In a study given by European Chemicals Bureau IUCID Data set (2000) for read across (CAS 105-59-9), for dermal toxicity study, rabbits were treated with Ethanol, 2.2’-(methylimino)bis- (MDEA) in the concentration of 2000 mg/kg bw dermally. No mortality observed in treated rabbits. Sluggishness, unsteady gait, emaciation and prostration were observed after application of undiluted MDEA in treated rabbits but, surviving animals recovered during the observation period. Therefore, LD50 was considered to be > 2000 mg/kg bw when rabbits were treated with Ethanol, 2.2’-(methylimino)bis- (MDEA) dermally.

In the above similar IUCID Data set for read across (CAS 105-59-9), In dermal toxicity study,4 male New Zealand albino rabbits were treated with Ethanol, 2.2’-(methylimino)bis- (MDEA) in the concentration of 5990 mg/kg bw dermally. No mortality observed in treated rabbits. Therefore, LD50 was considered to be > 5990 mg/kg bw when 4 male New Zealand albino rabbits were treated with Ethanol, 2.2’-(methylimino)bis- (MDEA) dermally.

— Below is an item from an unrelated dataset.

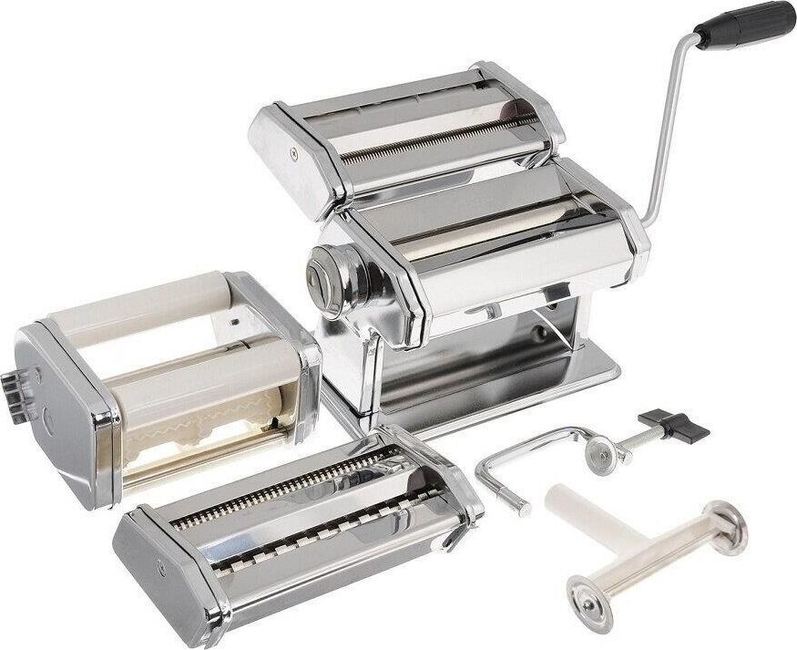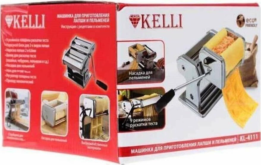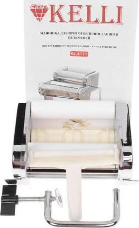 Комплектация: валик для раскатки теста, инструкция, нарезной блок для 2-х видов лапши, струбцина для крепления к столу, насадка для пельменей, нож для нарезки теста

Thus, based on weight of evidence for target 4-piperidinol, 1-methyl-(CAS no 106-52-5) and its structurally related read across substances, the target substance is likely to be non hazardous and does not classify under Acute dermal toxic category as per CLP regulation.


Justification for classification or non-classification

Based on weight of evidence approach for target 4-piperidinol, 1-methyl-(CAS no 106-52-5) and its structurally related read across substances (CAS no 109 -01 -3 and 105-59-9) it is likely to be non hazardous for acute oral and dermal toxicity.